In terms of the categories as given, I would self-identify as comfortable now and a trailblazer when I was younger. I was very entrepreneurial in my 30s and 40s. Now, I just blog. My wife and I have visited many countries, but lately we would rather travel to visit relatives than to see new places. I would much rather go folk dancing than go to a party or have a new experience.

It could be that my score was affected by questions that were impossible to answer, forcing me to almost randomize. For example, dancing is the source of suggestions for music to which I like to listen. That was not one of the choices in the quiz.

Other comments:

1. The introduction to the quiz says that

Complacency is defined as self-satisfaction accompanied by unawareness of possible deficiencies or dangers

This differs from the definition that is offered in The Complacent Class, but I think it gets much closer to what Tyler means.

2. Making up a quiz is fun, but I wonder if it was made up with complacency (as defined above). In theory you ought to test your quiz to see how well it works. You would ask a bunch of beta testers to both self-identify in terms of categories and to take the quiz. If the quiz puts them in their self-identified categories, then it works. Otherwise, it needs to be tweaked.

In the first edition of The Three Languages of Politics, I used a made-up quiz. I only tested it out on a few friends beforehand. They said that it worked ok. I imagine that it was easier for people to self-identify as libertarians progressives, or conservatives than to self-identify into Tyler’s idiosyncratic categories. But in the new edition that is about to come out, I dropped the pretense of a quiz, and instead I just used the examples as illustrations of the three-axes model.

The Overton Window and Health Insurance

Liz Sheld writes,

The implicit standard in analysis of the health insurance system is that every consumer must have government-selected coverage. But why? This chosen paradigm doesn’t take into consideration the most forceful motivation of human behavior, namely, whether a large expenditure of limited resources is in one’s economic interest. This standard of “universal coverage” is as artificial as the government’s bloated health care costs.
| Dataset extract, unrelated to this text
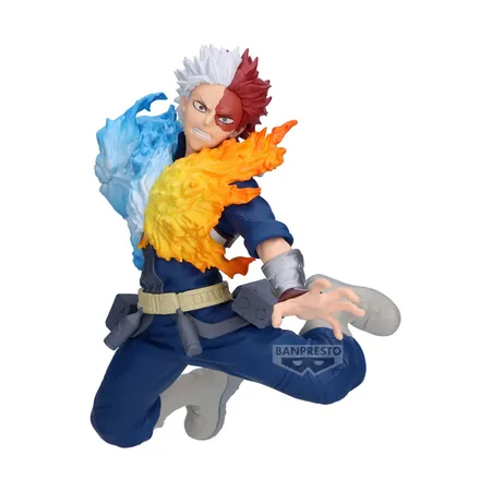 - Λεπτομέρεια: Shoto Todoroki σε δυναμική στάση με φωτιά και πάγο, πιστή στη σειρά

This is the debate that the Congressional Republicans are ducking. As a result, the Overton Window has moved to the point where Obamacare will not be replaced until the Democrats replace it with full-on single payer.

The points that I would make are:

1. What we call health “insurance” is not real insurance. It is instead a layer of insulation between the recipients of medical services and the providers of those services.

2. It seems that hardly anybody wants real health insurance, meaning a policy that pays benefits rarely and only under extreme circumstances. Instead, what people want as individuals is unlimited access to medical services without having to pay for them. If that is the definition of health insurance in the popular mind, then we are all going to lose our health insurance. Unlimited access to medical services without having to pay for them is an unsustainable approach.

3. There are two alternatives to the unsustainable approach. One alternative is to have people face more of the cost of medical services, in which case they ration their own use of those services. The other alternative is to have the government pay for medical services, in which case it will be the government that rations the use of those services.

4. Much of health care spending is on medical procedures that have high costs and low benefits. Socializing the cost of those procedures means that people will undertake more of them, until the government starts to get serious about health care rationing.

5. Health spending is approaching one fifth of all spending in the economy. If we become culturally committed to socialized medicine, then we can expect the usual consequences of socialism: productivity stagnation; the emergence of an underground economy; corruption; and government repression.